◆ **What the task asks**:
For the records below, output word for word the lines from the one with "Рис. 4. Зависимость" up to and including the one with "가입 후 발급되는 리워드". No pictures.
Available records START
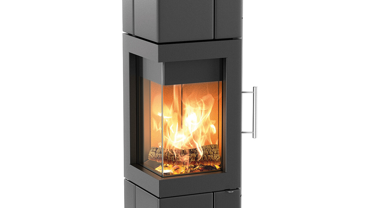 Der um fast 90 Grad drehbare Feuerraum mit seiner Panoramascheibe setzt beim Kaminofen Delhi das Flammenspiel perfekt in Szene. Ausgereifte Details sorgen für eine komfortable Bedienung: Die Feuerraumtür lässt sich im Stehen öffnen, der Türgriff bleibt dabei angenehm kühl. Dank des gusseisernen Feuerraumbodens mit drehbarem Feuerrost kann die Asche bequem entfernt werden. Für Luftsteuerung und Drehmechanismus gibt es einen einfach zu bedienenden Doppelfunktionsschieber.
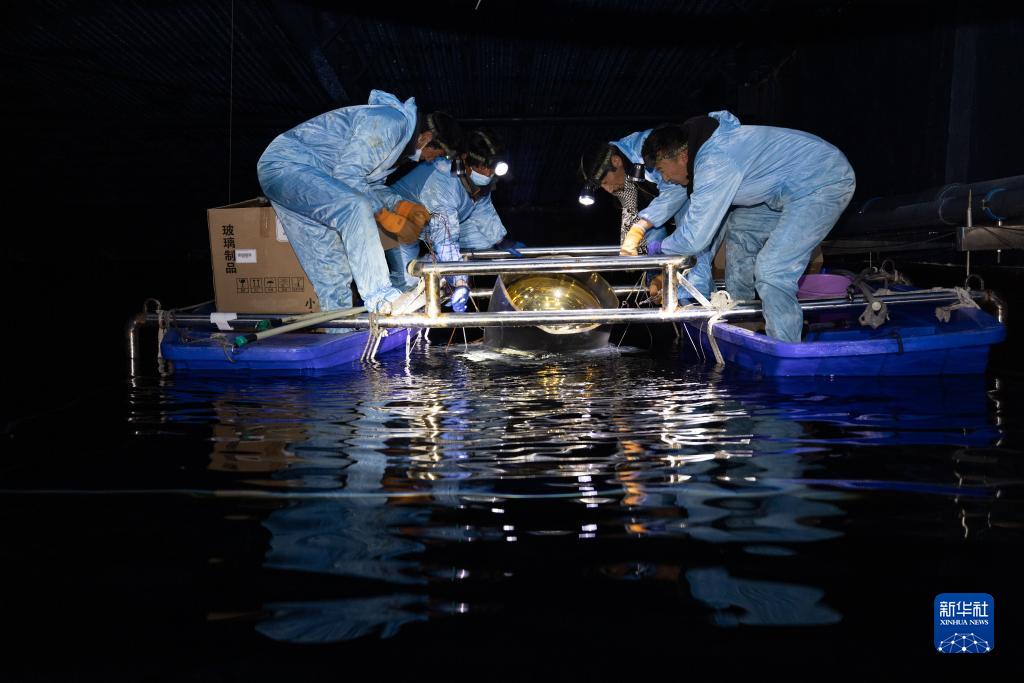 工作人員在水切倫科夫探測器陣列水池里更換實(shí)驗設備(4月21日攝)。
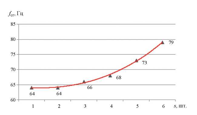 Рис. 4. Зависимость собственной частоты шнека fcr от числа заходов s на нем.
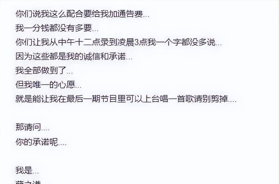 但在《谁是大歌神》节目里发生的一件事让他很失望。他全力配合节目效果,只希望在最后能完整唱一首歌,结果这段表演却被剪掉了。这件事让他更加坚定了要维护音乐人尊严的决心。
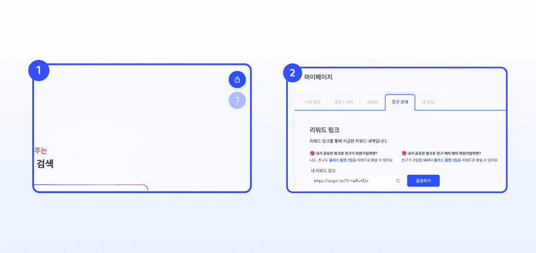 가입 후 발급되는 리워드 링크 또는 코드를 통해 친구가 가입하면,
Available records END
Available records START
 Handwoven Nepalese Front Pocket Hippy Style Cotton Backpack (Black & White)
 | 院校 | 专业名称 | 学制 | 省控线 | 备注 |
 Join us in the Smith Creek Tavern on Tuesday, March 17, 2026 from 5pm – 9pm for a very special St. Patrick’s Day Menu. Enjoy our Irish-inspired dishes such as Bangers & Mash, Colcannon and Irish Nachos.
Available records END
◆ **Exercise output**:
 Рис. 4. Зависимость собственной частоты шнека fcr от числа заходов s на нем.
 但在《谁是大歌神》节目里发生的一件事让他很失望。他全力配合节目效果,只希望在最后能完整唱一首歌,结果这段表演却被剪掉了。这件事让他更加坚定了要维护音乐人尊严的决心。
 가입 후 발급되는 리워드 링크 또는 코드를 통해 친구가 가입하면,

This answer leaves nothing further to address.